What "Obamacare" really did was keep Medicare costs from growing as quickly and used the saving to offset the costs of implementing various parts of the healthcare law. (Politifact)

The Obama ad aims to counter the Romney ad, specifically referencing it at the beginning.

"The non-partisan AARP says Obamacare cracks down on Medicare fraud, waste, and abuse. And strengthens guaranteed benefits," claims the announcer.

It's true that the AARP said those things, but they are simply opinions. The healthcare law certainly aims to accomplish those things, but it has not been completely implemented.

Some provisions aimed at cracking down on fraud are in place, but have not yet provided data needed to evaluate their effectiveness. (NPR)

The Brookings Institute reports it's unclear whether the cost controls built into the Affordable Care Act might impair access, while the administration touts some accomplishments reducing prescription costs.

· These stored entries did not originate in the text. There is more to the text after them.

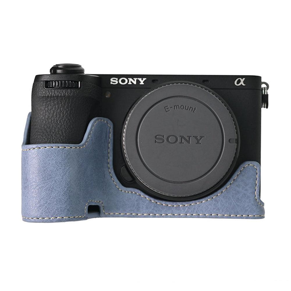 Půl pouzdro na fotoaparát z PU kůže s texturou liči pro Sony A6700 A6400 A6300 A6100 A6000 ZVE10 ZVE10II ZVE10M2 Spodní otevírací kryt s popruhem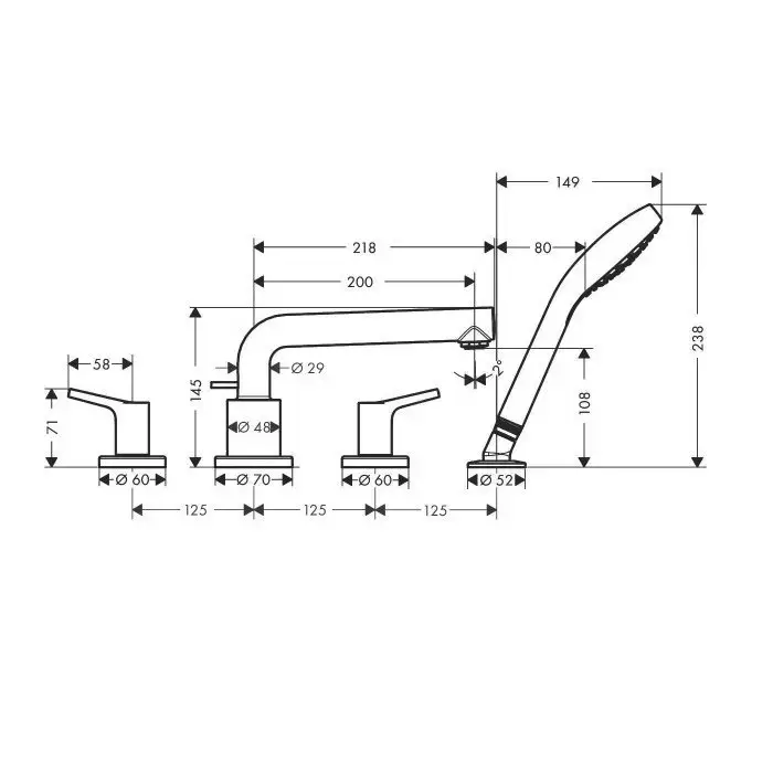 Hansgrohe Talis S, Смеситель для ванны и душа, на 4 отверстия, Цвет: хром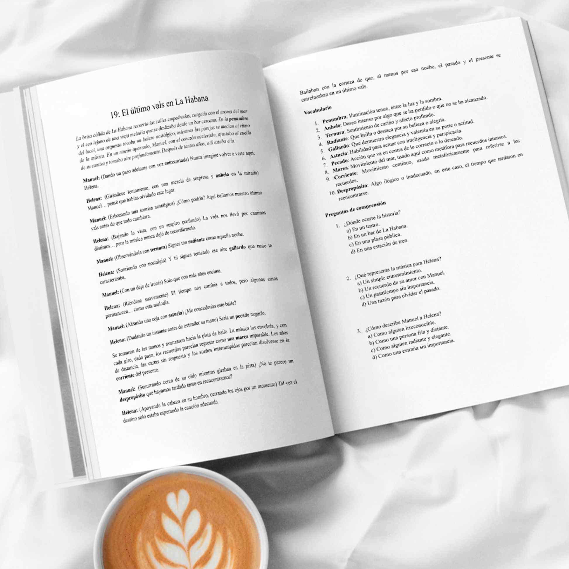 Learning Approach: Context-based learning through culturally diverse storytelling. Designed to strengthen comprehension, expand emotional and thematic vocabulary, and deepen fluency in both Latin American and Iberian Spanish through practical reading practice, exposure to regional language, and engaging review activities.

The ad goes on to attack Romney's running mate Paul Ryan for his plans on Medicare while in Congress.

"Experts say Ryan's voucher plan could raise future retirees' cost more than six thousand dollars," claims the announcer.

This claim is unproven and based on outdated research looking at an older version of Ryan's plan. (Politifact)

His current plan does not call for mandatory vouchers, but rather allows future retirees to choose between traditional Medicare or using their share of Medicare funds toward a private plan beginning in 2023. There is no equivalent figure for his newer private option plan.


Neither campaign seeks to cut Medicare benefits, but both seek to control the future growth of Medicare spending.

The campaigns have different methods to try to accomplish that goal, which could have a big impact on the senior citizens of the future, but little impact on people who use Medicare already.